- Interactive map of Gmina Kołaki Kościelne
- Coordinates (Kołaki Kościelne): 53°1′N 22°22′E﻿ / ﻿53.017°N 22.367°E
- Country: Poland
- Voivodeship: Podlaskie
- County: Zambrów
- Seat: Kołaki Kościelne

Area
- • Total: 73.76 km^{2} (28.48 sq mi)

Population (2013)
- • Total: 2,414
- • Density: 32.73/km^{2} (84.76/sq mi)

= Gmina Kołaki Kościelne =

Gmina Kołaki Kościelne is a rural gmina (administrative district) in Zambrów County, Podlaskie Voivodeship, in north-eastern Poland. Its seat is the village of Kołaki Kościelne, which lies approximately 9 km north-east of Zambrów and 55 km west of the regional capital Białystok.

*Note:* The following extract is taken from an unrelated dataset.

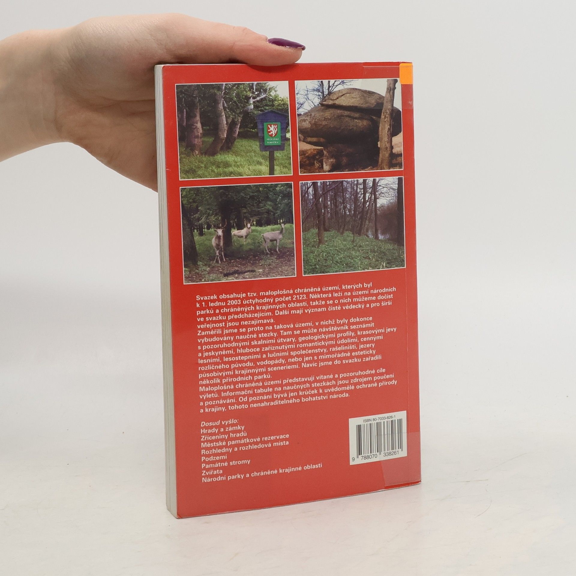 Tento svazek oblíbené edice popisuje maloplošná chráněná území, v nichž návštěvníci mohou vidět zajímavé skalní útvary, jeskyně, geologické profily, romantická údolí, cenné lesní, lesostepní, luční, mokřadní a jiné formace, rašeliniště, jezera, vodopády nebo jen esteticky působivé krajinné scenérie. Tato území jsou vyhledávanými cíli výletů a obvykle jimi procházejí naučné stezky s informačními panely.

The gmina covers an area of 73.76 km2, and as of 2006 its total population is 2,429 (2,414 in 2013).

==Villages==
Gmina Kołaki Kościelne contains the villages and settlements of Cholewy-Kołomyja, Ćwikły-Krajewo, Ćwikły-Rupie, Czachy-Kołaki, Czarnowo-Dąb, Czarnowo-Undy, Czosaki-Dąb, Głodowo-Dąb, Gosie Duże, Gosie Małe, Gunie-Ostrów, Kołaki Kościelne, Kossaki-Borowe, Krusze-Łubnice, Łętowo-Dąb, Łubnice-Krusze, Podłatki Duże, Podłatki Małe, Rębiszewo-Zegadły, Sanie-Dąb, Szczodruchy, Wiśniówek-Wertyce, Wróble-Arciszewo and Zanie-Leśnica.

==Neighbouring gminas==
Gmina Kołaki Kościelne is bordered by the gminas of Kulesze Kościelne, Rutki, Wysokie Mazowieckie and Zambrów.